How to design the solution when data on which reducer is fit changes every month? Any case study worth sharing
Coming from a quant-bio background I’ve also wondered about this too, but haven’t seen it being used for vector search though. In genomic analysis carrying PCA/UMAP projections to unseen data/sample is common, but it is not re-calculated on the unseen data. The trained projection matrix is just reused.
@nlpguy This article might be helpful: PCA using Python (scikit-learn) | by Michael Galarnyk | Towards Data Science
Nandan Thakur has currently a paper finished on this (currently in review on my desk, we will publish it next month).

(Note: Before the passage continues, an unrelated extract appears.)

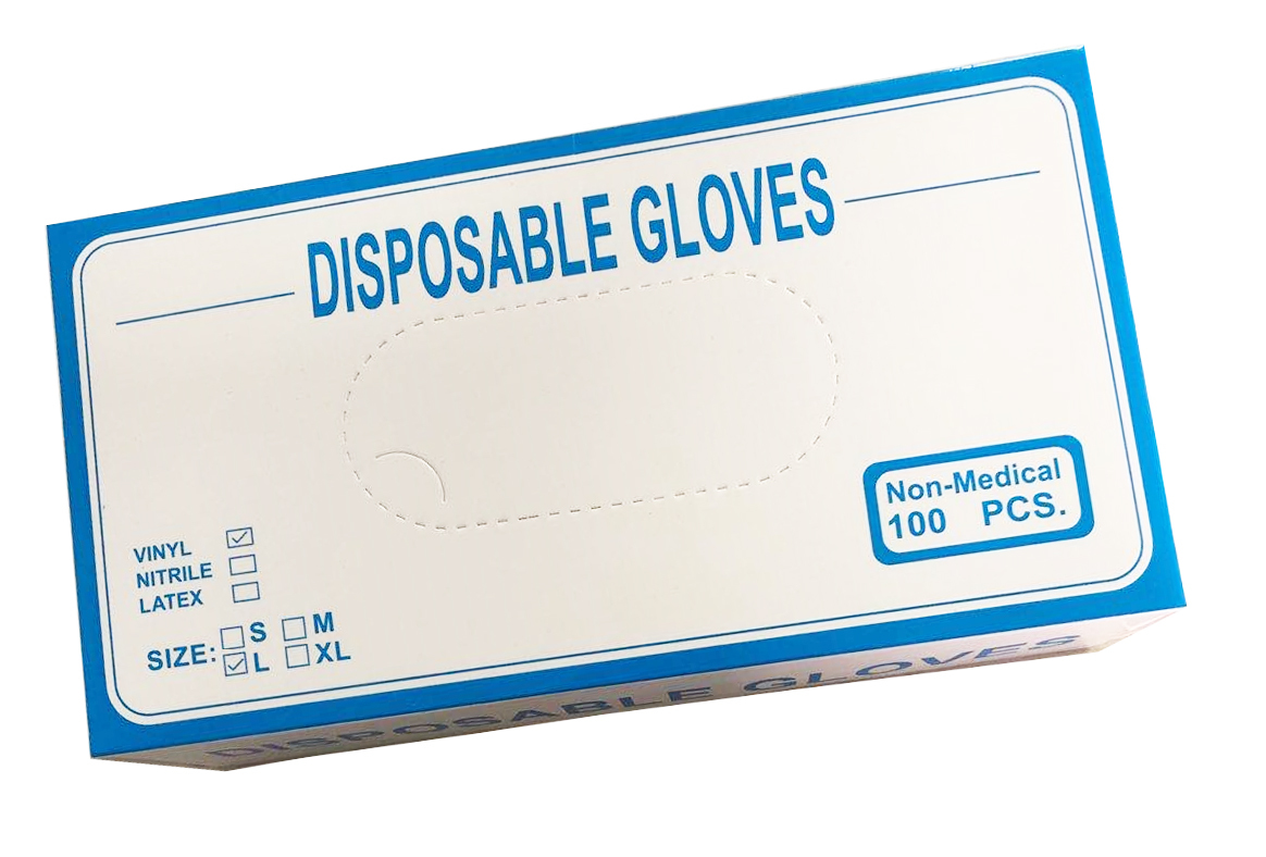 Rukavice jednorázové bezpudrové 100 ks (L); 22x11,5x6,5 cm; vinyl

PCA worked rather badly in our experiments for semantic search - Performance quite dropped.
The question is what you want from smaller dimensions. Faster retrieval speed? Saving memory for the index? What works quite well:
- Storing floats as FP16 or FP8 - Reduces the embedding matrix by size 2 / 4 without any sacrifice on the performance. If multiplications are faster depends on your hardware and if they support FP16
- Using PQ to binarize your embeddings. Can reduce the embedding matrix significantly and leads to faster search (depending on your ANN index), but also reduces the performance.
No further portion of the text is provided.